*Work required*. An acceptable answer contains every record below, unchanged, and no pictures.

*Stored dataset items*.
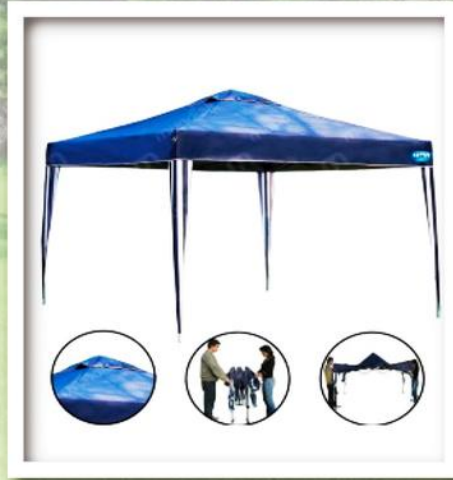
Folding Gazebo, top size:3*3m, Top size:2.95*2.95m, tube:(foot)25*25/20*20mm, steel tube with powder coated. Fabric: 160 polyester, Packing: 1 set in a 300D polyester carrybag COLOR OPTIONS WHITE & BLUE
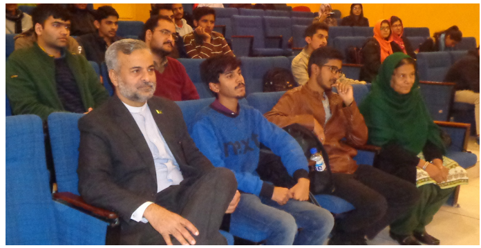
A seminar held at Islamabad campus for students on Moral Values on December 18, 2019
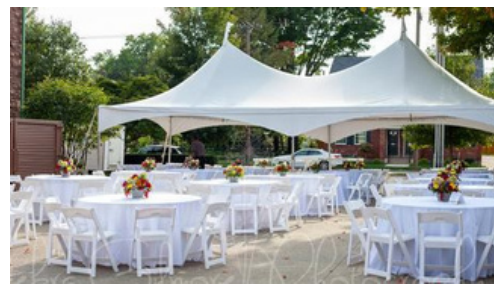
More than 500 guests have attended events at the Mansion with outdoor seating and tents.
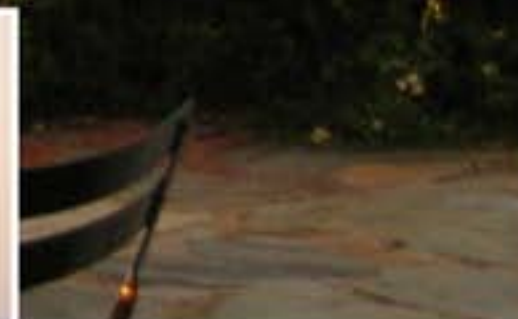
Top: Champagne with a view
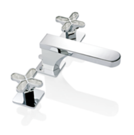
A6G.151 Rim mounted 3-hole basin mixer
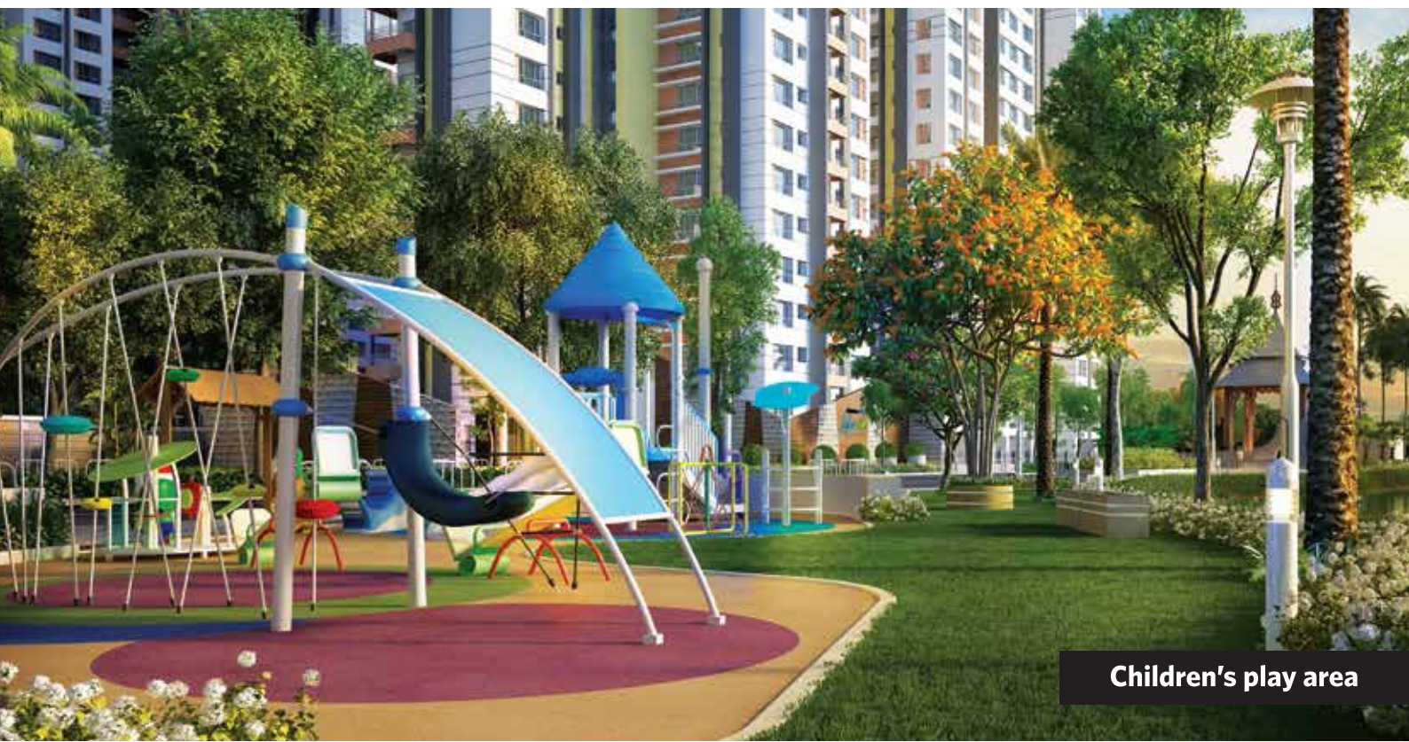
Children's play area
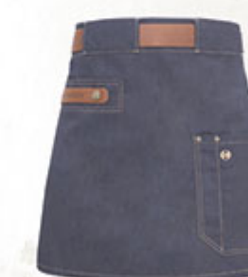
VS 9/16 vintage black
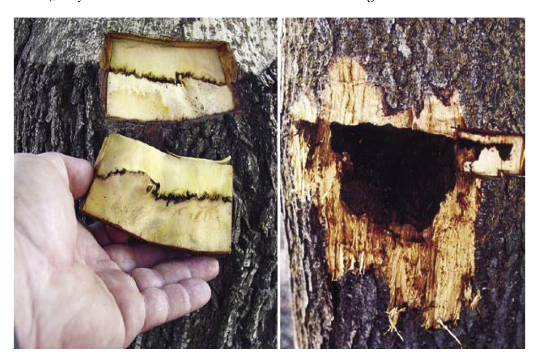
Figure 1. Symptoms of blackline disease in walnut at graft union.

pollen-borne virus enters through flowers during pollination and is systemically transported to the graft union. The resulting hypersensitive reaction of the rootstock and death of tissue at the graft union blocks nutrient and water transport between the rootstock and scion [61]. The hypersensitive response to this virus is controlled by a single dominant gene ( R gene) [240]. To develop CLRV-resistant scion cultivars capable of blocking the virus at the pistillate flower and/or movement toward the graft union, a breeding program was initiated in 1984 the University of California-Davis (UC-Davis) to backcross resistance from Paradox into scion cultivars with commercially acceptable horticultural traits. This program is still ongoing [240]. A DNA marker related to CLRV-resistance that maps to ~6.2 Mb on chromosome 14 has been developed in order to accelerate selection of CLRV-resistant offspring [242-245]. In continuation of work started by E. Germain (INRA-Bordeaux), a hybrid resistant to blackline is in evaluation to be registered in France.
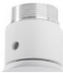
GBR-AM02 Adapter Ring for Pelco Pendant Mount with 1,5" NPT thread
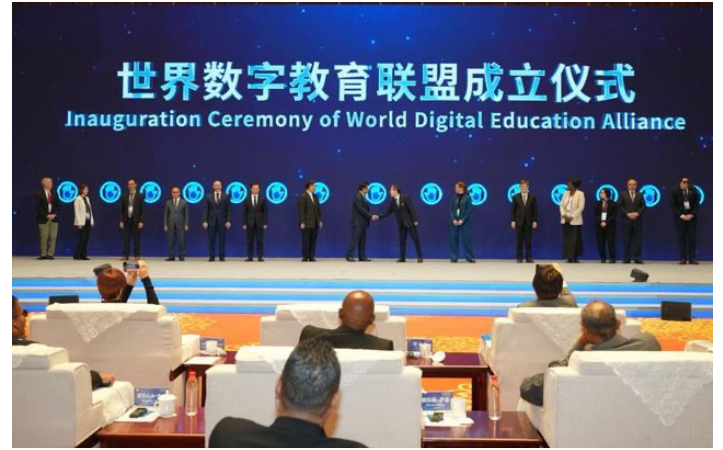
The President of the General Conference of UNESCO Simone-Mirella Miculescu addressed the conference.
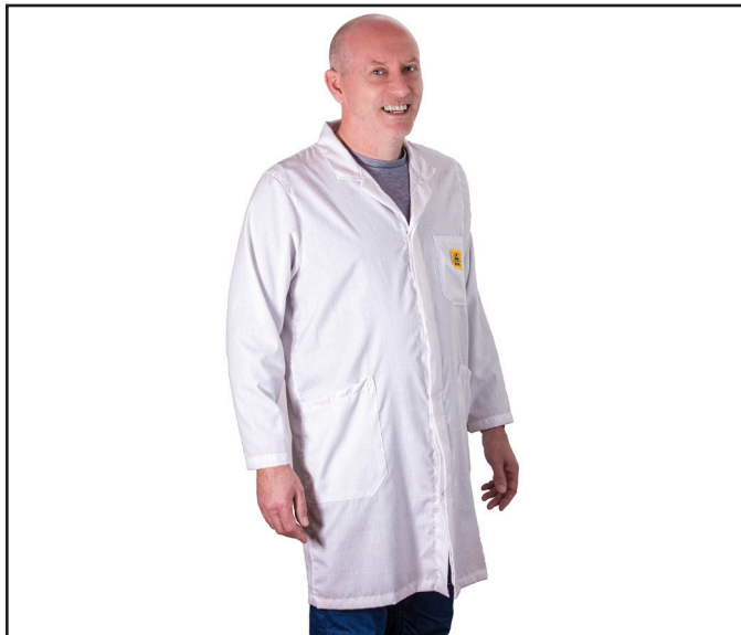
Figure 1. RS Static Dissipative Lab Coat
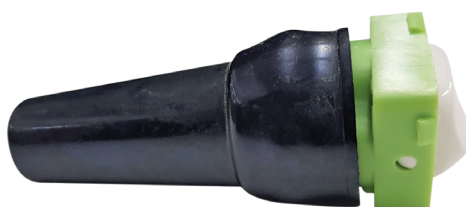
HYSWSHR Pictured with mech for example purpose
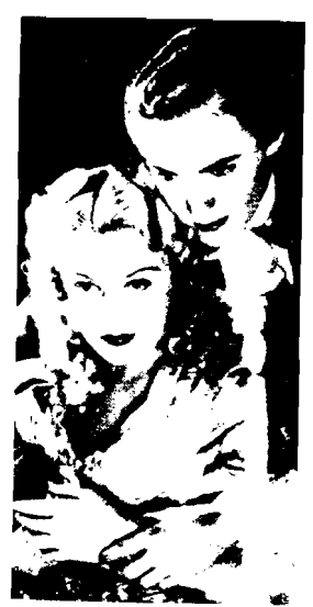
Madeleine Carroll and Tyrone Power from a scene in Lloyds of London.
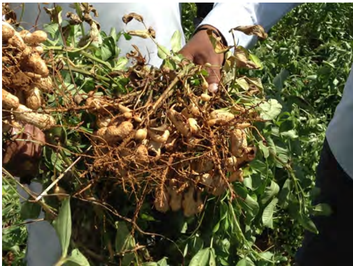
Freshly picked SYA groundnut (peanut)

We then visited a sugar cane crop being looked after by two brothers. Fortunately, we were able to contrast the yogic sugar cane with an adjoining crop of chemical sugar cane managed by the uncle of one of the brothers. The tastes of each were completely different. Both delicious, but the yogic crops certainly had an unmistakable clarity in the taste. Notably, the chemical crops were more prone to flattening during flooding than the yogic crops which remained more upright.
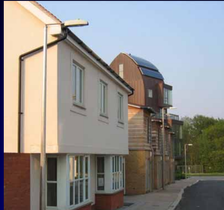
New Hall, Harlow
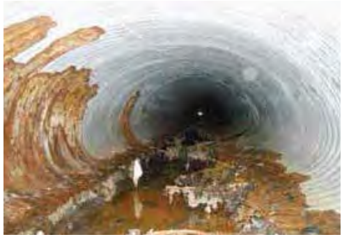
Severely corroded CMP invert

GeoSpray geopolymers helped the city restore a failing culvert to better-thannew conditions in less than two weeks with minimal distruption.
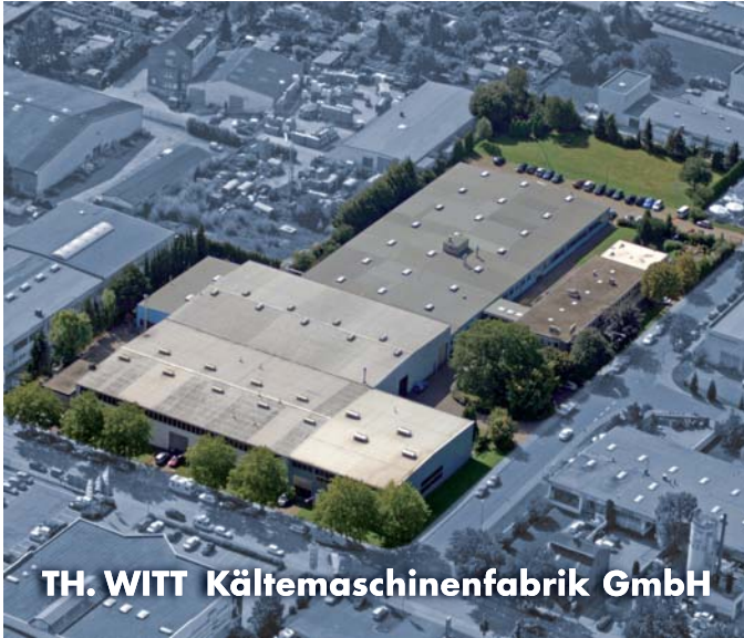
TH. WITT Kältemaschinenfabrik GmbH
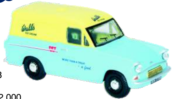
ANG008 Wall's Edition 2,000
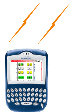
Blackberry „Digital World“
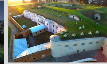
Fort no. 9
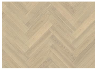
Herringbone Oak AB White
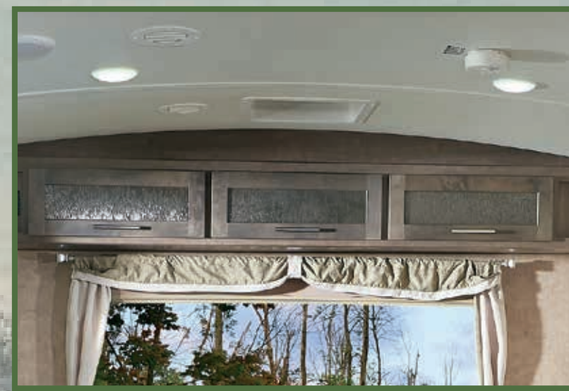
LED Recessed Interior Lighting
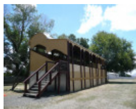
KINGSTON GRANDSTAND SOHE 2008
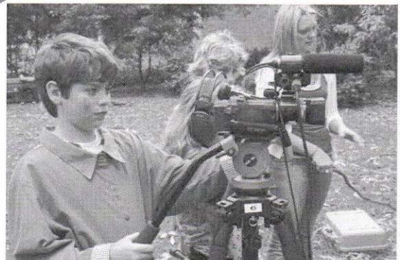
STUDENTS AT THE WORKSHOPS

When? December 2nd, 3rd, 4th - 2015 Where? The University of Newcastle
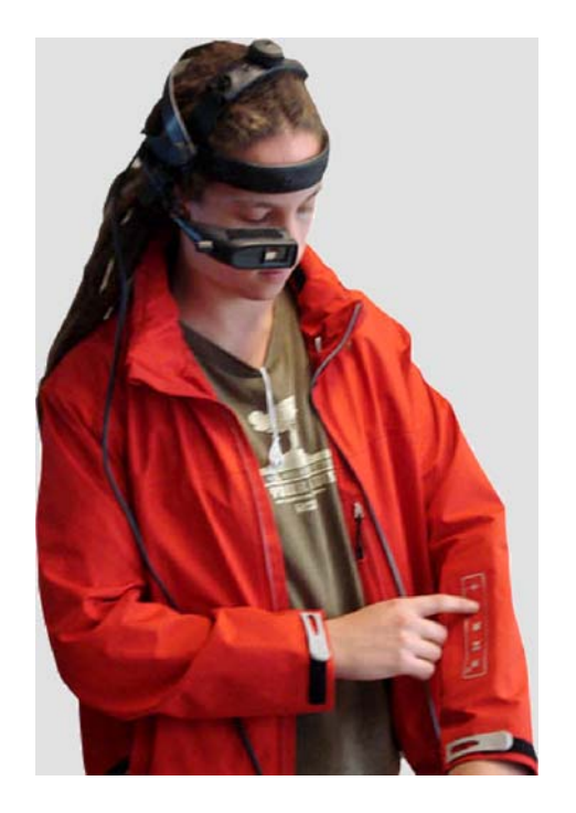
Fig. 2. User interacting with the i-jacket

500 monocular see-through head-mounted display (HMD) and an ultra-mobile PC (UMPC, Sony Vaio UX70) as shown in Fig. 2. The decision of using MR instead of augmented-reality (AR) has been motivated by the relatively poor results yet achieved in the field of mobile indoor tracking. Indeed, techniques like pedestrian dead reckoning (PDR) [2] or Bayesian localization framework using WiFi signals [6] does not give satisfying enough results to ensure the registration process needed for convincing AR.
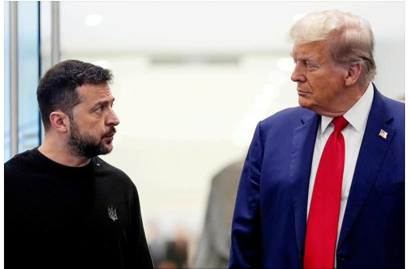
Volodymyr Zelensky and Donald Trump

We're telling Ukraine — they have very valuable rare earth. We want what we put up to go in terms of a guarantee. We want a guarantee. We're handing them money hand over fist. We're giving them equipment.... We're looking to do a deal with Ukraine, where they're going to secure what we're giving them with their rare earth and other things.
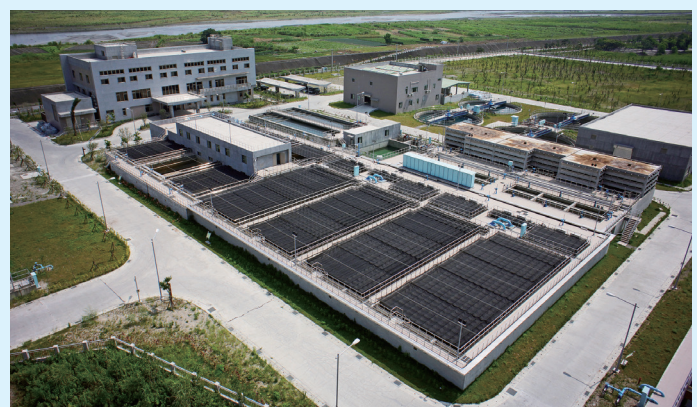
Chinchu Water Treatment Plant (WTP) EPC Project
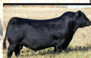
Bank Note 4040 - Grand Sire

The pairing speaks for itself when you see this heifer from any angle, and stand out with a elegant front end and neck extension. 10K possesses a calm mind set and showcases herself with a confident and smooth stride. Females like this that are backed by proven and historical genetics are the kind one can build their herd from. Its because of this that we felt it hard to allow for this offering but are proud to showcase our own herd and efforts to the Angus community knowing she will have an immediate impact on anyone's herd she finds.
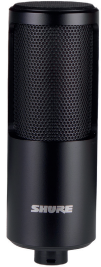
SM4-K Home Recording Microphone
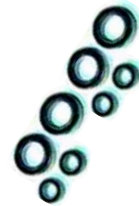
Rubber sealed ball bearings
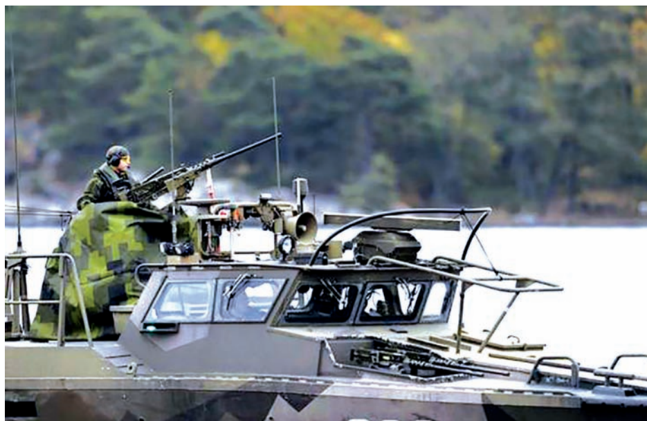
Crew members onboard a Swedish Navy fast-attack craft stand guard at the Stockholm archipelago, in Sweden, on 18 Oct, 2014.
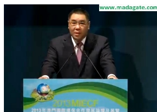
Mister Chui Sai On, lors de son discours d'ouverture officielle
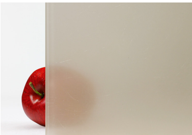
+2 sound control interlayer in combination with a denser "tan" colored interlayer

*Exercise solution*.
Folding Gazebo, top size:3*3m, Top size:2.95*2.95m, tube:(foot)25*25/20*20mm, steel tube with powder coated. Fabric: 160 polyester, Packing: 1 set in a 300D polyester carrybag COLOR OPTIONS WHITE & BLUE
A seminar held at Islamabad campus for students on Moral Values on December 18, 2019
More than 500 guests have attended events at the Mansion with outdoor seating and tents.
Top: Champagne with a view
A6G.151 Rim mounted 3-hole basin mixer
Children's play area
VS 9/16 vintage black
Figure 1. Symptoms of blackline disease in walnut at graft union.

pollen-borne virus enters through flowers during pollination and is systemically transported to the graft union. The resulting hypersensitive reaction of the rootstock and death of tissue at the graft union blocks nutrient and water transport between the rootstock and scion [61]. The hypersensitive response to this virus is controlled by a single dominant gene ( R gene) [240]. To develop CLRV-resistant scion cultivars capable of blocking the virus at the pistillate flower and/or movement toward the graft union, a breeding program was initiated in 1984 the University of California-Davis (UC-Davis) to backcross resistance from Paradox into scion cultivars with commercially acceptable horticultural traits. This program is still ongoing [240]. A DNA marker related to CLRV-resistance that maps to ~6.2 Mb on chromosome 14 has been developed in order to accelerate selection of CLRV-resistant offspring [242-245]. In continuation of work started by E. Germain (INRA-Bordeaux), a hybrid resistant to blackline is in evaluation to be registered in France.
GBR-AM02 Adapter Ring for Pelco Pendant Mount with 1,5" NPT thread
The President of the General Conference of UNESCO Simone-Mirella Miculescu addressed the conference.
Figure 1. RS Static Dissipative Lab Coat
HYSWSHR Pictured with mech for example purpose
Madeleine Carroll and Tyrone Power from a scene in Lloyds of London.
Freshly picked SYA groundnut (peanut)

We then visited a sugar cane crop being looked after by two brothers. Fortunately, we were able to contrast the yogic sugar cane with an adjoining crop of chemical sugar cane managed by the uncle of one of the brothers. The tastes of each were completely different. Both delicious, but the yogic crops certainly had an unmistakable clarity in the taste. Notably, the chemical crops were more prone to flattening during flooding than the yogic crops which remained more upright.
New Hall, Harlow
Severely corroded CMP invert

GeoSpray geopolymers helped the city restore a failing culvert to better-thannew conditions in less than two weeks with minimal distruption.
TH. WITT Kältemaschinenfabrik GmbH
ANG008 Wall's Edition 2,000
Blackberry „Digital World“
Fort no. 9
Herringbone Oak AB White
LED Recessed Interior Lighting
KINGSTON GRANDSTAND SOHE 2008
STUDENTS AT THE WORKSHOPS

When? December 2nd, 3rd, 4th - 2015 Where? The University of Newcastle
Fig. 2. User interacting with the i-jacket

500 monocular see-through head-mounted display (HMD) and an ultra-mobile PC (UMPC, Sony Vaio UX70) as shown in Fig. 2. The decision of using MR instead of augmented-reality (AR) has been motivated by the relatively poor results yet achieved in the field of mobile indoor tracking. Indeed, techniques like pedestrian dead reckoning (PDR) [2] or Bayesian localization framework using WiFi signals [6] does not give satisfying enough results to ensure the registration process needed for convincing AR.
Volodymyr Zelensky and Donald Trump

We're telling Ukraine — they have very valuable rare earth. We want what we put up to go in terms of a guarantee. We want a guarantee. We're handing them money hand over fist. We're giving them equipment.... We're looking to do a deal with Ukraine, where they're going to secure what we're giving them with their rare earth and other things.
Chinchu Water Treatment Plant (WTP) EPC Project
Bank Note 4040 - Grand Sire

The pairing speaks for itself when you see this heifer from any angle, and stand out with a elegant front end and neck extension. 10K possesses a calm mind set and showcases herself with a confident and smooth stride. Females like this that are backed by proven and historical genetics are the kind one can build their herd from. Its because of this that we felt it hard to allow for this offering but are proud to showcase our own herd and efforts to the Angus community knowing she will have an immediate impact on anyone's herd she finds.
SM4-K Home Recording Microphone
Rubber sealed ball bearings
Crew members onboard a Swedish Navy fast-attack craft stand guard at the Stockholm archipelago, in Sweden, on 18 Oct, 2014.
Mister Chui Sai On, lors de son discours d'ouverture officielle
+2 sound control interlayer in combination with a denser "tan" colored interlayer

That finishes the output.